Теперь – на сладкое? – новости культуры:

– Знаменитое белое платье Мэрилин Монро и чёрно-красный пиджак Майкла Джексона, выставленные на торги в Лос-Анджелесе, проданы за рекордную цену…

Германтова успешно усыпляла эта актуальнейшая дребедень; уже не в силах подавить очередной зевок, он, чтобы не заснуть в кресле, выключил телевизор и бубнёж радио, отправился в ванную. Поток новостей, однако, не иссякал.

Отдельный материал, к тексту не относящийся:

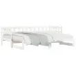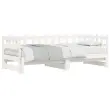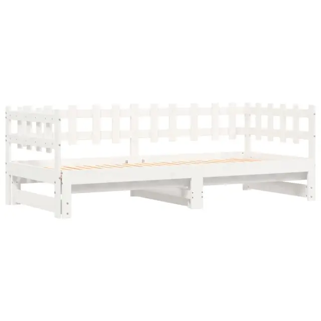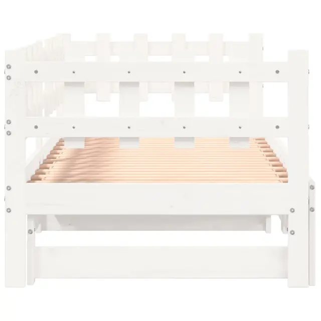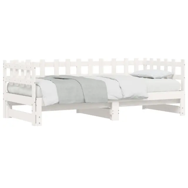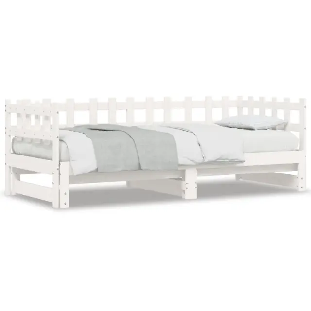 To vsestransko leseno dnevno posteljo lahko uporabljate kot posteljo v spalnici, odlična pa bo tudi kot kavč v dnevni sobi. Trdna borovina: Trdna borovina je čudovit naravni material. Borovina ima ravne vzorce, grče pa dajejo materialu njegov značilen, rustikalen videz. Ta postelja za goste je izdelana iz trdne borovine, zato je bolj stabilna in trpežna. Letven dizajn: Leseno letveno dno omogoča boljše kroženje zraka, zato bo vzmetnica dlje časa ostala sveža, ter izboljšuje nosilnost postelje in zagotavlja stabilnost. Enostavna uporaba: Ta dnevna postelja je zelo priročna za uporabo in ne potrebuje dodatnega vzmetenja ali podlage. Preprosto položite vzmetnico na vrh in uživajte v mirnem spanju ali sedenju! Izvlečna dnevna postelja: Ta lesena dnevna postelja se lahko uporablja kot kavč podnevi ali kot postelja ponoči ter ponuja hitro rešitev za nočne goste in hkrati prihrani prostor. Dobro je vedeti:Vzmetnice niso priložene tej postelji. Ponujamo različno izbiro ležišč. V naši trgovini si lahko ogledate ustrezne vzmetnice.Barva: BelaMaterial: Trdna borovina Dimenzije dnevne postelje (raztegnjena): 203,5 x 184 x 68,5 cm (D x Š x V)Dimenzije dnevne postelje (neraztegnjena): 203,5 x 98 x 68,5 cm (D x Š x V)Velikost primerne vzmetnice: 90 x 200 cm (Š x D)Potrebno: 2 x vzmetnica (ni vključena)Potrebno sestavljanje: Da 840389

– Виктор Вольман, российский эксперт итальянской секции аукциона Кристи, сообщил нашему корреспонденту, что на ближайшем аукционе в Венеции будут проданы письмо Осипа Мандельштама Ольге Гильдебрандт-Арбениной, черновик статьи Николая Рериха, две акварели Юркуна, автограф Заболоцкого…

– Срочно, срочно, молния с ленты Интерфакса! Прорыв теплотрассы в Ульянке, спальном районе Петербурга, привёл к отключению от горячего водоснабжения около ста тысяч горожан… Улица генерала Симоняка затоплена, кипятком затоплены также торгово-развлекательный центр «Парадиз», две автостоянки…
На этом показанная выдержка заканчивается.